Mais recentemente, Edholm, Krustrup e Randers (2015) investigaram os efeitos agudos da prática de reaquecimento ao intervalo na performance e nos padrões de movimento de 22 jogadores profissionais de futebol em dois jogos competitivos. O protocolo utilizado foi semelhante ao anteriormente referido: num jogo competitivo, os jogadores fizeram a tradicional Recuperação Passiva (RP); no outro jogo, efetuaram Exercícios de Baixa Intensidade (EBI) no período de intervalo. As evidências foram ainda mais contundentes. Após o intervalo, os desempenhos em atividades de sprint e de salto sofreram decréscimos significativos de 2.6% e 7.6%, respetivamente, no grupo RP; no grupo EBI, a atividade de sprint não se alterou e a deterioração da capacidade de salto quedou-se pelos 3.1%. Nos primeiros 15 minutos da 2.ª parte, o grupo que cumpriu reaquecimento (EBI) realizou uma menor distância em corrida de alta intensidade na fase defensiva do jogo, apresentando também uma maior percentagem de posse de bola.

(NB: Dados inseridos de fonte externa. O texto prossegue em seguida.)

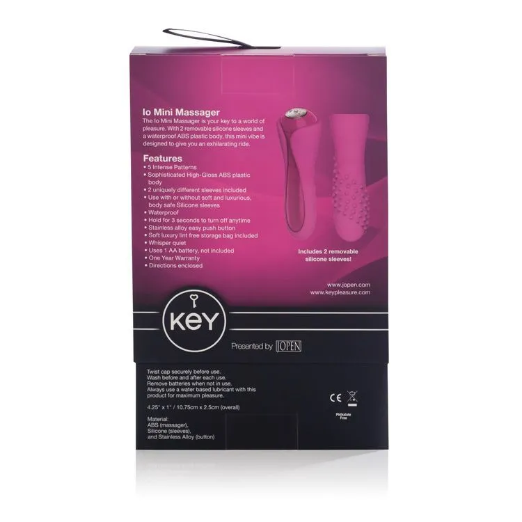 Key Io by Jopen - это элегантный и компактный вибратор с несколькими режимами работы . Изготовлен из гипоаллергенного пластика, который является одним из самых безопасных материалов. В комплекте с эксклюзивной игрушкой есть две силиконовые насадки с различной текстурой. Массажер поддерживает пять различных режимов вибрации, переключаемых кнопкой из нержавеющей стали, которая находится у основания. Подходит для стимуляции любой эрогенной зоны. Работает от одной батарейки типа АА (в комплект не входит). Отключается при удерживании кнопки более трех секунд. Вибратор водонепроницаемый, бесшумный и очень легкий в уходе.
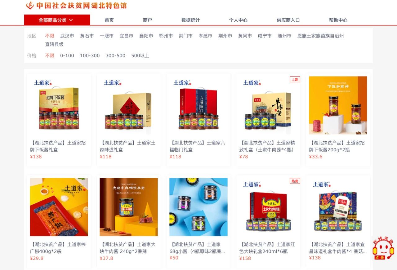 2020 年,在宜昌市、远安县扶贫办的领导与支持下,「土道家」品牌系列产品作为重点扶贫产品进入全国全省消费扶贫目录,产品进入扶贫832平台、中国社会扶贫网湖北特色馆、中国特产·京东宜昌扶贫馆、宜昌市消费扶贫体验馆、宜昌市农副产品扶贫消费专区等平台与渠道进行销售。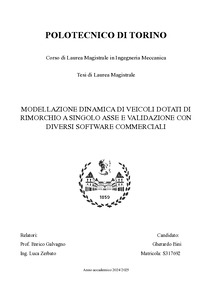 Modellazione dinamica di veicoli dotati di rimorchio a singolo asse e validazione con diversi software commerciali = Dynamic modeling of vehicles equipped with single-axle trailer and validation with various commercial software.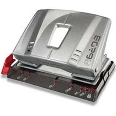 Celokovová děrovačka s přehledně značeným posuvným příložníkem. Rychlé děrování pomocí indikátoru rozteče kroužkové vazby. Rozteč mezi otvory 8 cm. Snadné vysypávání zásobníku. Na 20 listů. Barva metal. šedá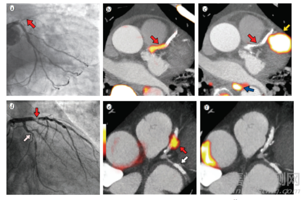 前側(cè) NSTEMI 患者:(d) 冠脈造影顯示近端LAD和 LCx狹窄,其中LAD為主要問題病灶 (e) 18F-NaF PET-CT影像顯示LAD病灶高攝取 , LCx病灶無攝??;(f) 18F-FDG PET-CT 影像顯示兩病灶均無攝取。圖片引自參考文獻(xiàn)[12]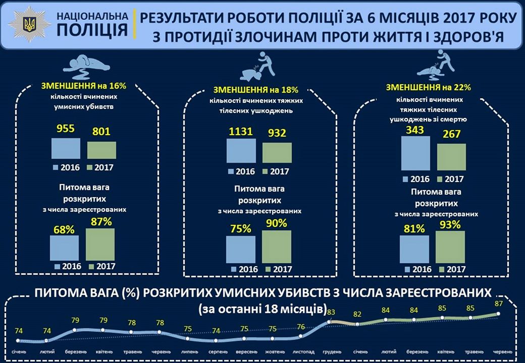 Міністр зазначив, що у сфері особливо тяжких злочинів проти життя і здоров'я людей рівень розкриття злочинів становить від 87% по умисним вбивствам до 93% – нанесення тяжких тілесних злочинів.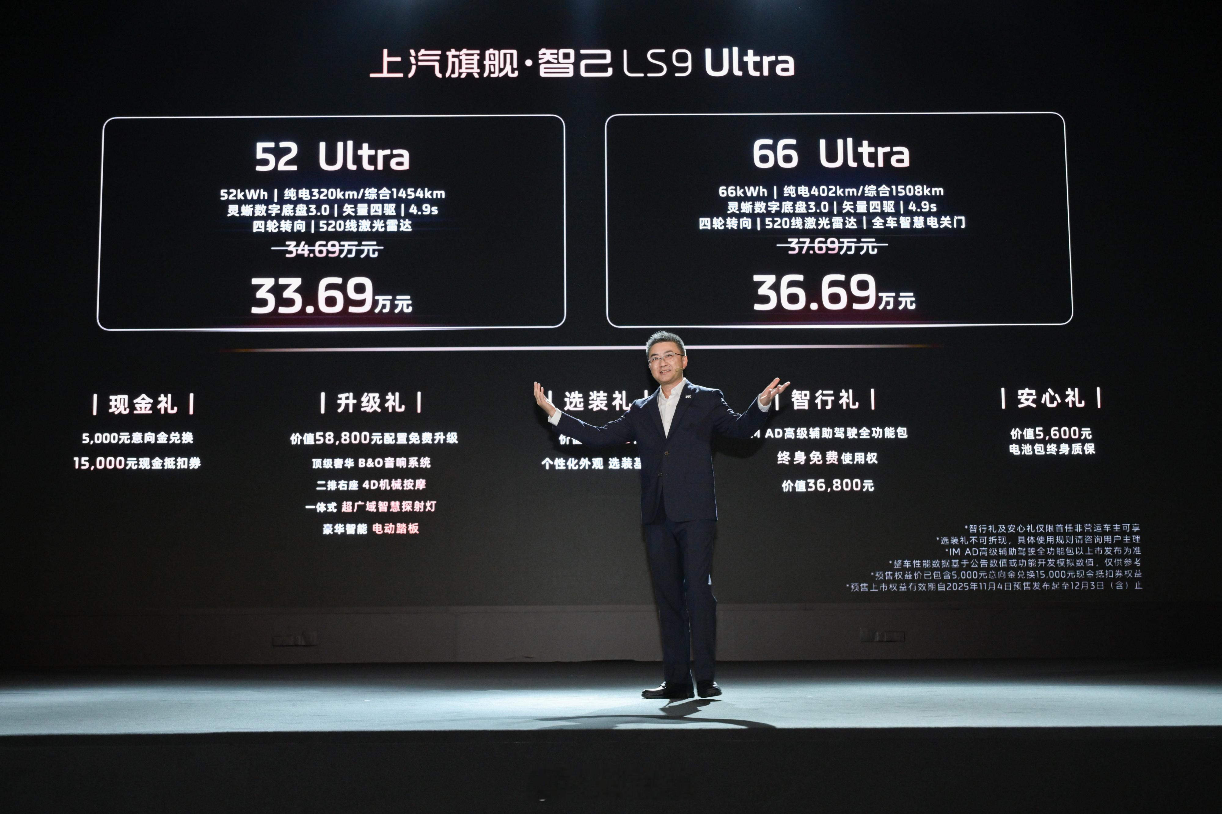 智己的大旗舰LS9终于发布了,又是一款30万级别的大六座SUV,车长5米3,外观看着确实很气派,而且智己还上了四轮转向,转弯半径只有4.95米 一共有52kWh和66kWh两种版本电池可选,最高能到402km的纯电,1508km的综合CLTC续航,油电综合折算下来2.81L 冰箱彩电大沙发全配齐,还有B&O音响,4D机械按摩座椅和户外套装,无论是城市代步,高速巡航还是露营都很合适,预售价33.69万-36.69万,你们觉得咋样?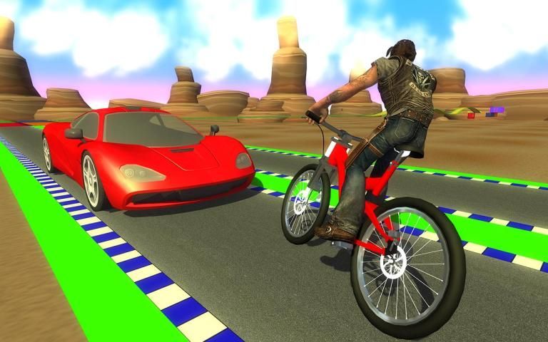 This game is designed for the impossible and very difficult tracks become an extreme BMX rider and flips on the racing cars which will cause your death and be a BMX king the tracks and paths are designed in the desert with hundreds of various obstacles your main task is the survival on the path and show to all BMX professionals that you can do all the stunts as they can do. Skate your BMX on the impossible roads and touch the finish line for further levels.

De uma forma geral, as evidências científicas indicam que a estratégia de reaquecer/reativar no período de intervalo induz efeitos positivos em atividades musculares básicas como correr em velocidade ou saltar no reinício do jogo, quanto mais não seja pelo atenuar dos efeitos adversos decorrentes do decréscimo significativo da temperatura muscular. Para além disso, o próprio desempenho coletivo das equipas tende a melhorar, através do acréscimo do tempo passado em posse de bola (fase ofensiva) e da redução do dispêndio energético associado a atividades de alta intensidade na fase defensiva do jogo. Finalmente, o reaquecimento muscular ao intervalo é altamente recomendado como método de prevenção para o elevado risco de lesão documentado nos primeiros 20 minutos da 2.ª parte do jogo de futebol (Russell, West, Harper, Cook, e Kilduff, 2015).

Factos são factos e a ciência abona a favor das equipas técnicas que adotam a estratégia de reaquecer/reativar nos instantes prévios ao início da 2.ª parte. Ao ignorar a informação disponível, e nos mantermos fieis às práticas tradicionais de proceder a reforços e correções de natureza estratégico-tática e/ou apelar à «atitude» e à competitividade dos jogadores, estamos a negligenciar um período relevante para preparar, funcional e metabolicamente, a individualidade e o grupo para o recomeço do jogo. Afinal, dois ou três minutos podem ser muito mais determinantes para o sucesso em competição do que intuitivamente poderíamos imaginar.

Referências
Edholm, P., Krustrup, P., & Randers, M. B. (2015). Half-time re-warm up increases performance capacity in male elite soccer players. Scandinavian Journal of Medicine & Science in Sports, 25(1), e40–e49. doi: 10.1111/sms.12236
Mohr, M., Krustrup, P., Nybo, L., Nielsen, J. J., & Bangsbo, J. (2004). Muscle temperature and sprint performance during soccer matches – Beneficial effect of re-warm-up at half-time. Scandinavian Journal of Medicine & Science in Sports, 14, 156–162. doi: 10.1046/j.1600-0838.2003.00349.x

Russell, M., West, D. J., Harper, L. D., Cook, C. J., & Kilduff, L. P. (2015). Half-time strategies to enhance second-half performance in team-sports players: A review and recommendations. Sports Medicine, 45(3), 353– 364.